**Provided data**
━━━

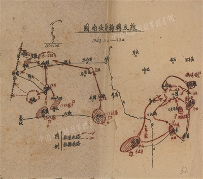 ▲解放军档案馆馆藏档案1943年《敌反转扫荡岳南图》。
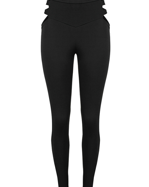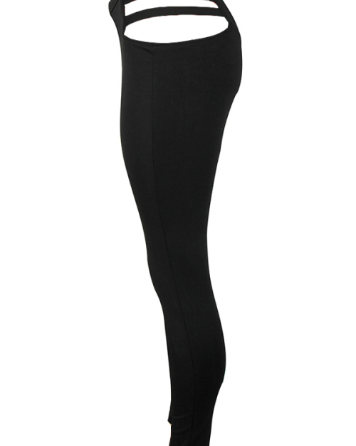 Fashionable High Waist Hollow-out Black Polyester Leggings
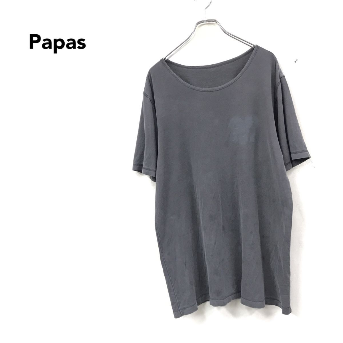- 2H1223-D◆ papas パパス 半袖Tシャツ カットソー 大きめ ◆ sizeL グレー コットン 古着
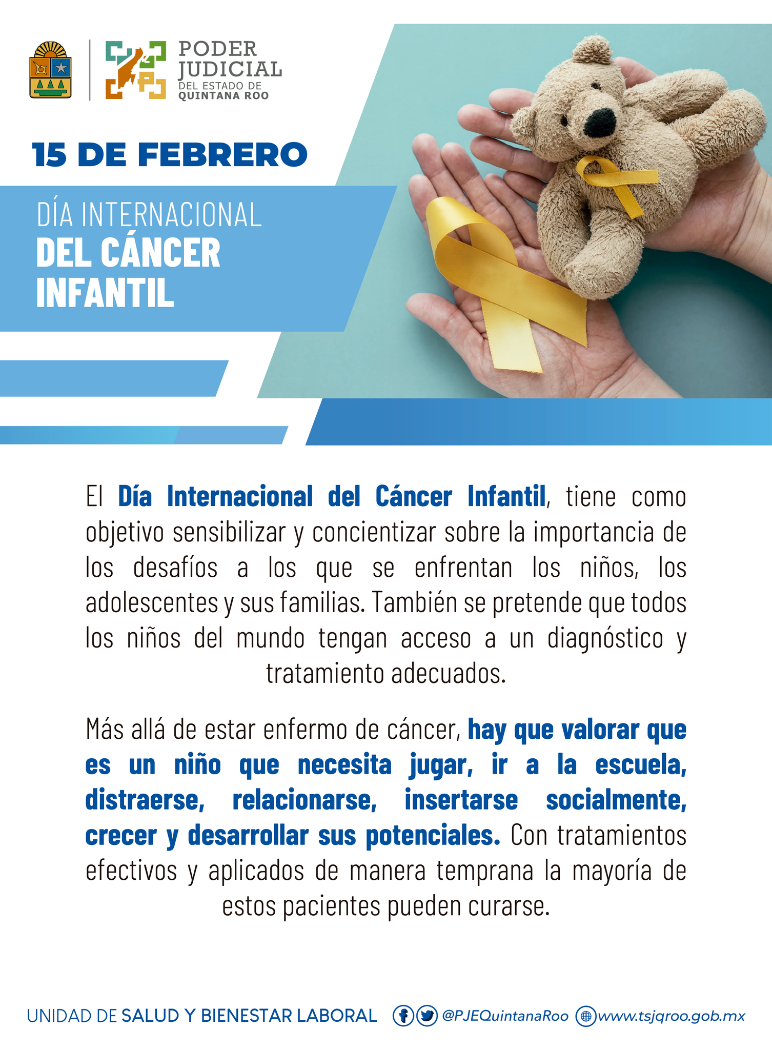 15 DE FEBRERO | DÍA INTERNACIONAL DEL CÁNCER INFANTIL. #PoderJudicialdelEstado #CáncerInfantil
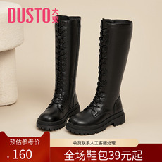 大东骑士靴女鞋2025年冬季新款简约粗跟中跟侧拉链圆头厚底长筒靴
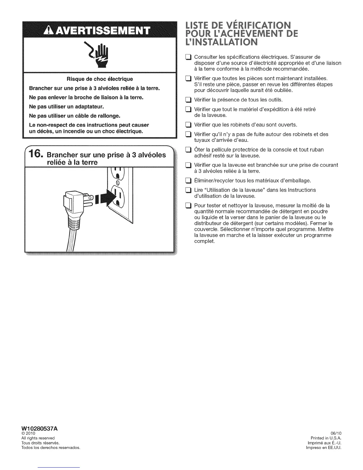 Wrifier que la laveuse est branch6e sur une prise de courant
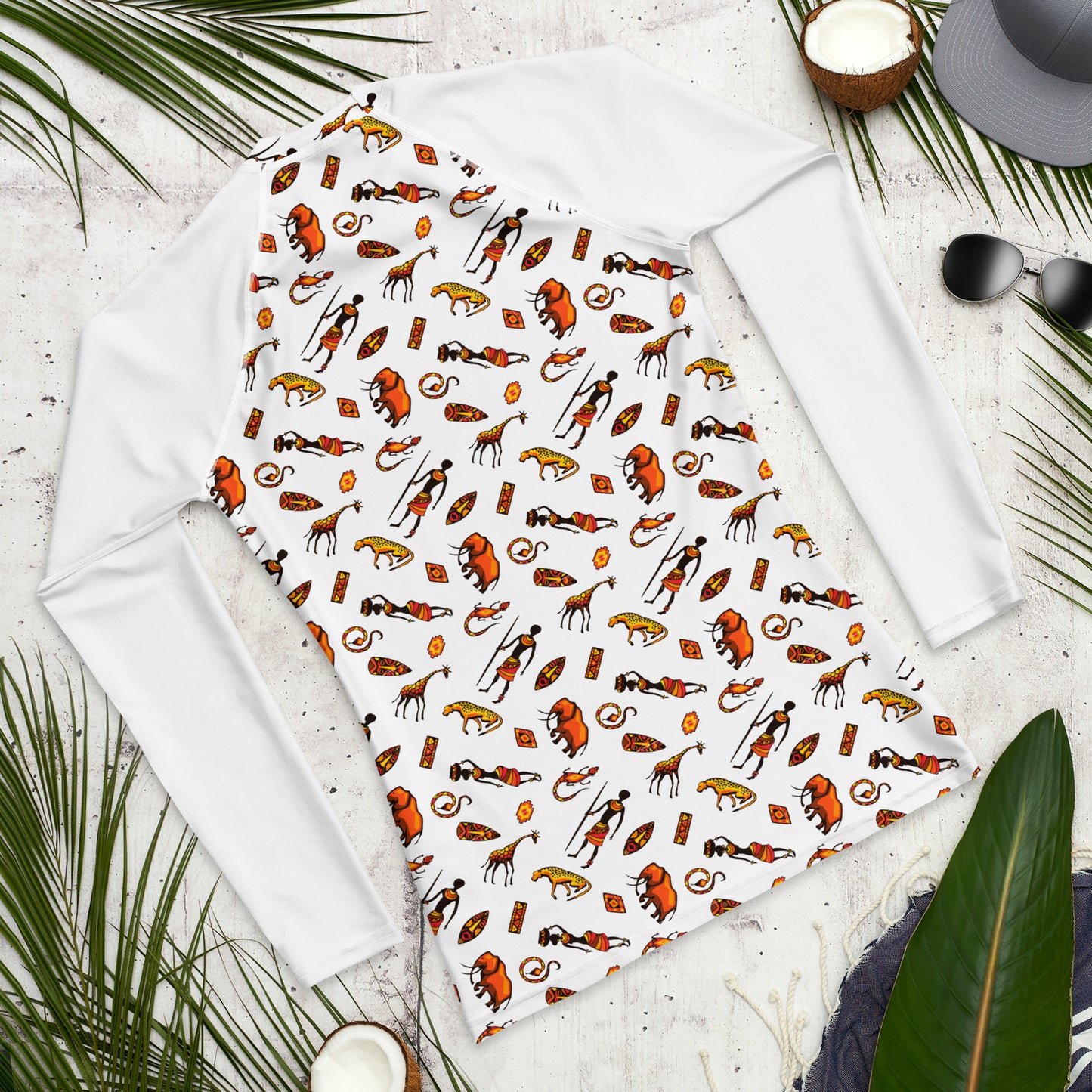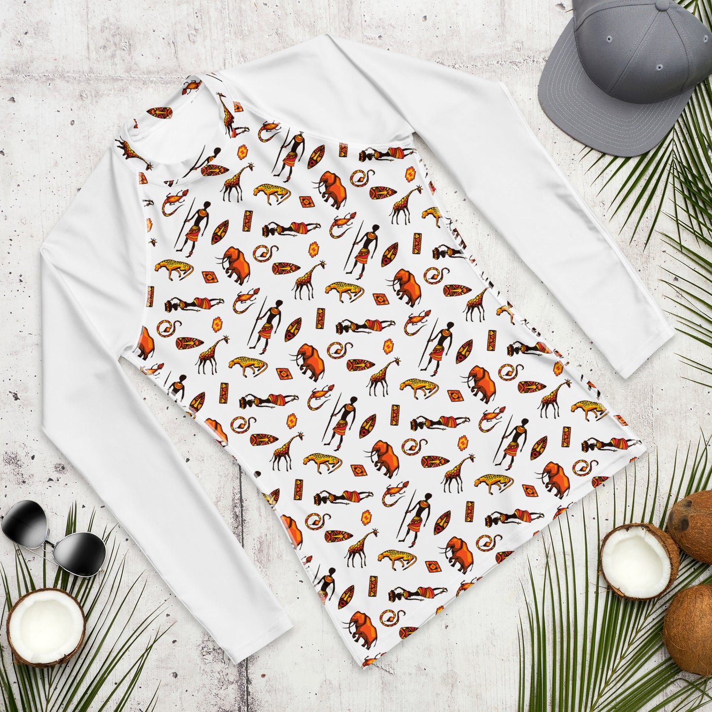 African Bushman & Wildlife Men's Rash Guard - Front/White
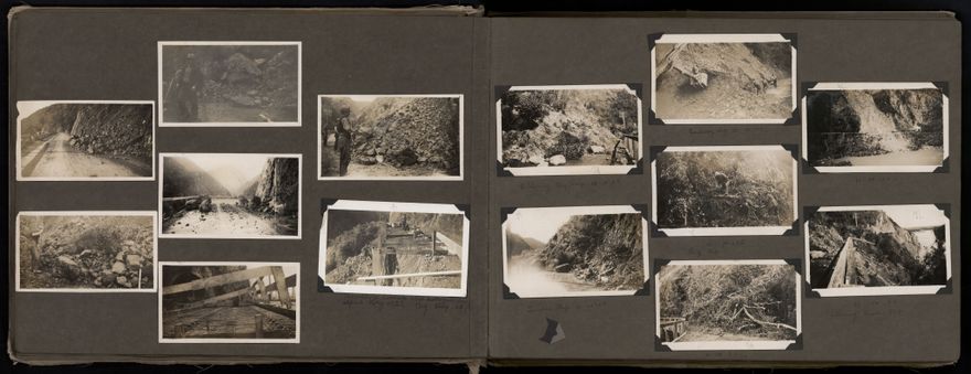 Dated from the 1920s and 1930s, this photograph album depicts events on the Manawatū Gorge road including construction and repairs of the road, removing slips, car accidents etc. The album also contains images of Napier following the earthquake of 1931. The photographs were shot by William (Bill) Brockie. Individuals are unidentified.
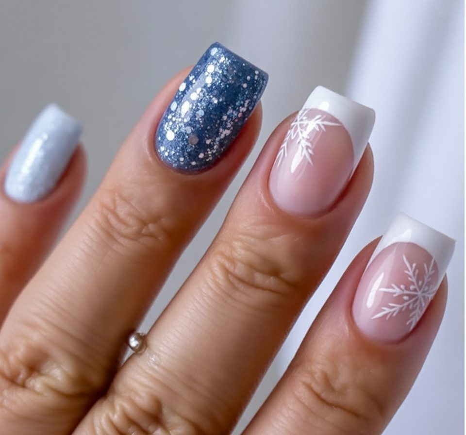 Deep navy paired with chilly white snowflakes feels like catching glimpses of the northern lights across a clear sky. The tiny sparkly flecks give this set an enchanting, otherworldly glow — the kind of manicure that makes you pause just to admire your hands.
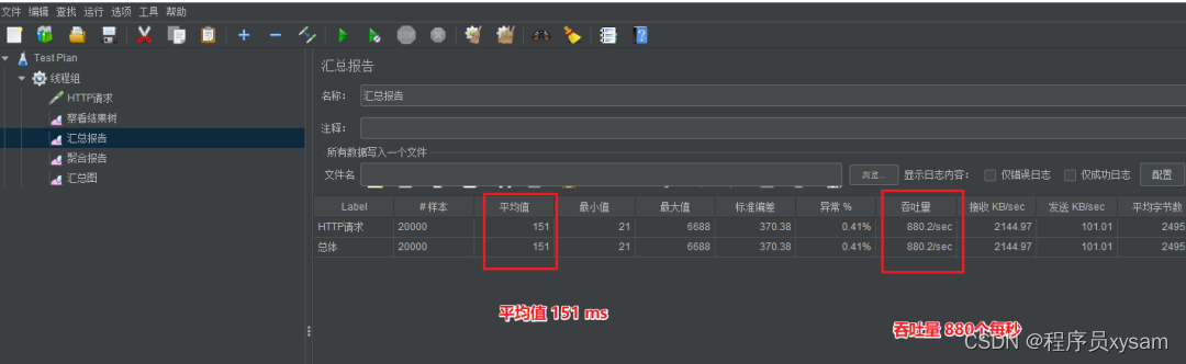 200 个线程,每个线程调用 100 次,总共 2 w 次,可以看到下图中表格中的样本列也是 2 w,请求所耗费的时间是 151 ms,吞吐量是 880 个请求每秒。如下图所示:
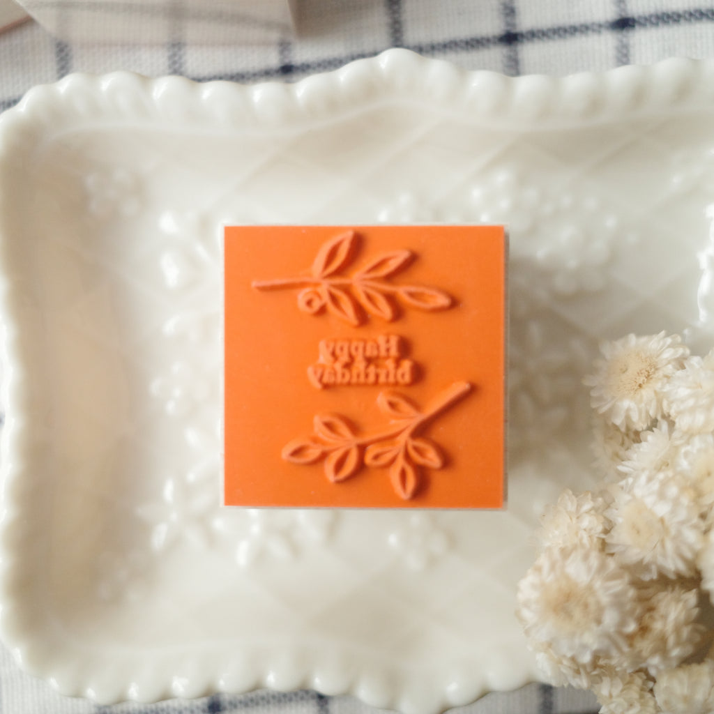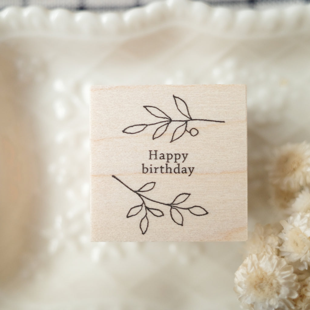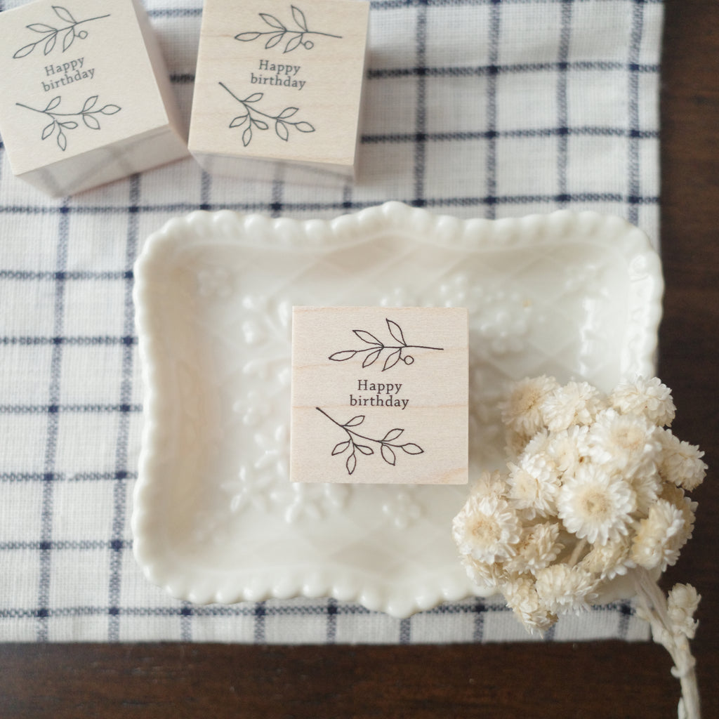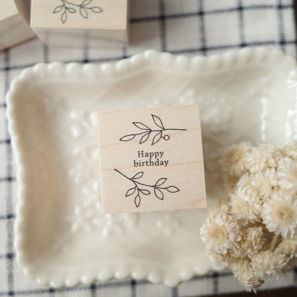 Hutte Paper Works Stamp - Leaf/Happy birthday

━━━

**Exercise**
The answer consists of the records repeated exactly, without any images.

**Solution**
 ▲解放军档案馆馆藏档案1943年《敌反转扫荡岳南图》。
 Fashionable High Waist Hollow-out Black Polyester Leggings
- 2H1223-D◆ papas パパス 半袖Tシャツ カットソー 大きめ ◆ sizeL グレー コットン 古着
 15 DE FEBRERO | DÍA INTERNACIONAL DEL CÁNCER INFANTIL. #PoderJudicialdelEstado #CáncerInfantil
 大东骑士靴女鞋2025年冬季新款简约粗跟中跟侧拉链圆头厚底长筒靴
 Wrifier que la laveuse est branch6e sur une prise de courant
 African Bushman & Wildlife Men's Rash Guard - Front/White
 Dated from the 1920s and 1930s, this photograph album depicts events on the Manawatū Gorge road including construction and repairs of the road, removing slips, car accidents etc. The album also contains images of Napier following the earthquake of 1931. The photographs were shot by William (Bill) Brockie. Individuals are unidentified.
 Deep navy paired with chilly white snowflakes feels like catching glimpses of the northern lights across a clear sky. The tiny sparkly flecks give this set an enchanting, otherworldly glow — the kind of manicure that makes you pause just to admire your hands.
 200 个线程,每个线程调用 100 次,总共 2 w 次,可以看到下图中表格中的样本列也是 2 w,请求所耗费的时间是 151 ms,吞吐量是 880 个请求每秒。如下图所示:
 Hutte Paper Works Stamp - Leaf/Happy birthday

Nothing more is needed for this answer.